Is Mooching Off Society Wrong?

by Kevin on January 25, 2010

Earlier this month I read a fascinating article from the Guardian (a paper in the UK). The article detailed the story of a woman who decided to live without money.

That’s right. Without money and without a job.

How can you live without money? How is that possible? It boggles the mind… until you read the article and discover some of the ingenious tactics you can use in this mindset.

How to Live Without Money

How did she do this? She connected with a group of individuals with a similar mindset. They live and network together in small clusters wherever is convenient.

So how do you live without money?

Simple. Live off of the castoffs of society.

  • They go to bakeries that can’t sell day old bread and get it — for free. (And find similar deals at other restaurants.)
  • They find free items on Craigslist and sell them for profit. This money allows them to have basic cell phone service (which helps maintain connection with the network).
  • They get free or discounted items when homeowners go through upgrades and leave items at the curb.
  • They live in abandoned properties as squatters. Eviction law provides them with a certain amount of time to live in the building for free.

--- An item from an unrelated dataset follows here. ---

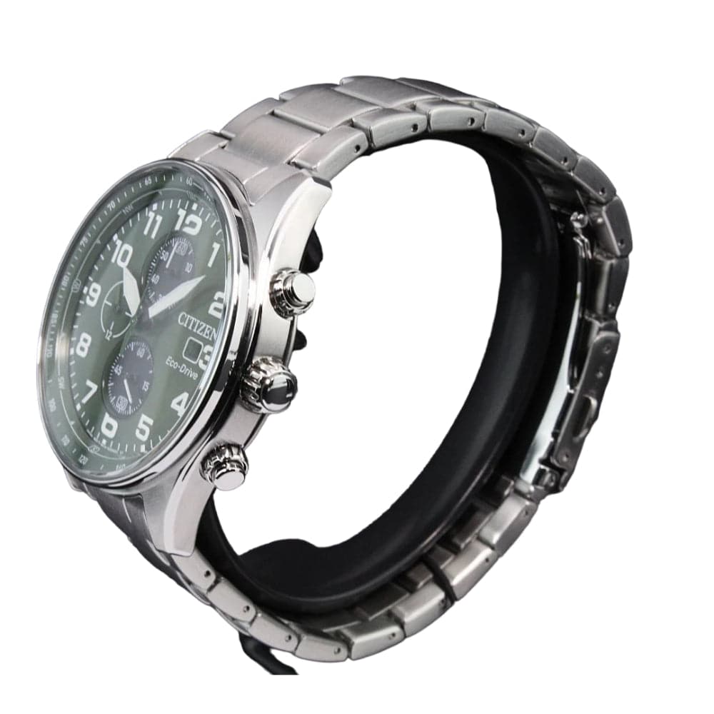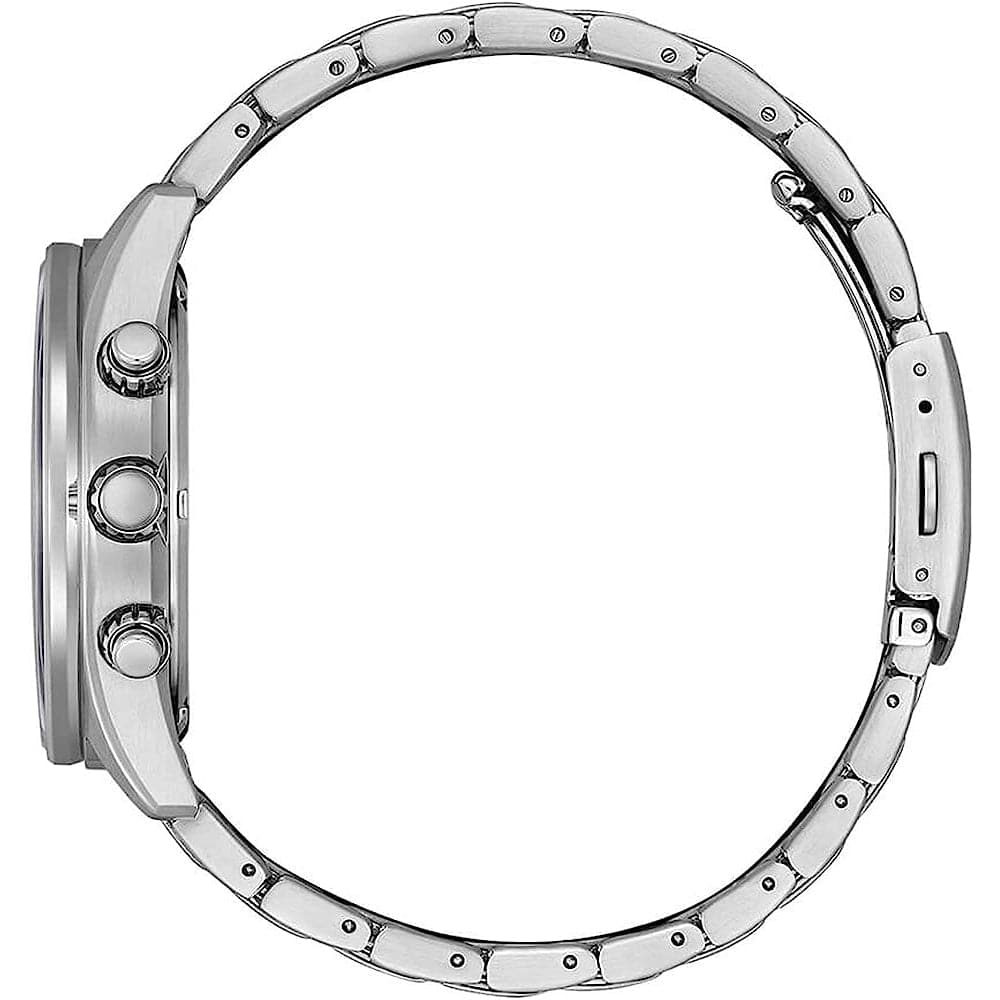 This Citizen watch has a stainless steel case 43 mm in diameter and is fitted with a stainless steel strap. Inside the case lies a Citizen movement and the watch features a Mineral crystal.

Should Society Judge Moochers?

The whole idea blows my mind.

…and I think it is genius!

There are items that will go to the junkyards and landfills. Old but still edible food, discarded clothing, and lightly used home goods. These items would be wasted and left to rot outside big cities. Instead they are put to good use.

Living in a “Gray Area”

The only issue I have with this lifestyle is living in abandoned properties and forcing landlords to evict. I can see how this isn’t necessarily hurting anyone assuming the squatters don’t damage the buildings. But it’s living in the gray area of the law.

It’s like knowing you shouldn’t be something, but because the law technically allows it for a time then you go ahead and do it to your own benefit.

The Risk of Living a No-Money Lifestyle

This seems all well and good until you consider some critical factors: health insurance and safety.

I have no idea how you would solve the health insurance problem. What happens when you’re rummaging through some discards, you slip, and you break your wrist? You will need medical attention and won’t have insurance or any money.

I suppose there are programs to pay for things like this for individuals without insurance… but is it fair to use these programs on individuals that willingly lived without insurance?

The article mentions that it took some time to meet and network with a group of individuals that she trusted. But you’re all just squatting together — can you ever really trust anyone? Who says the woman that helped you carry that bed frame into the abandoned property won’t turn back around and stab you in the back — literally?

* * *

This is definitely not a lifestyle for me. But I can see how it would be very attractive and, well, cheap.

What do you think? Should we judge the moochers of society or embrace them?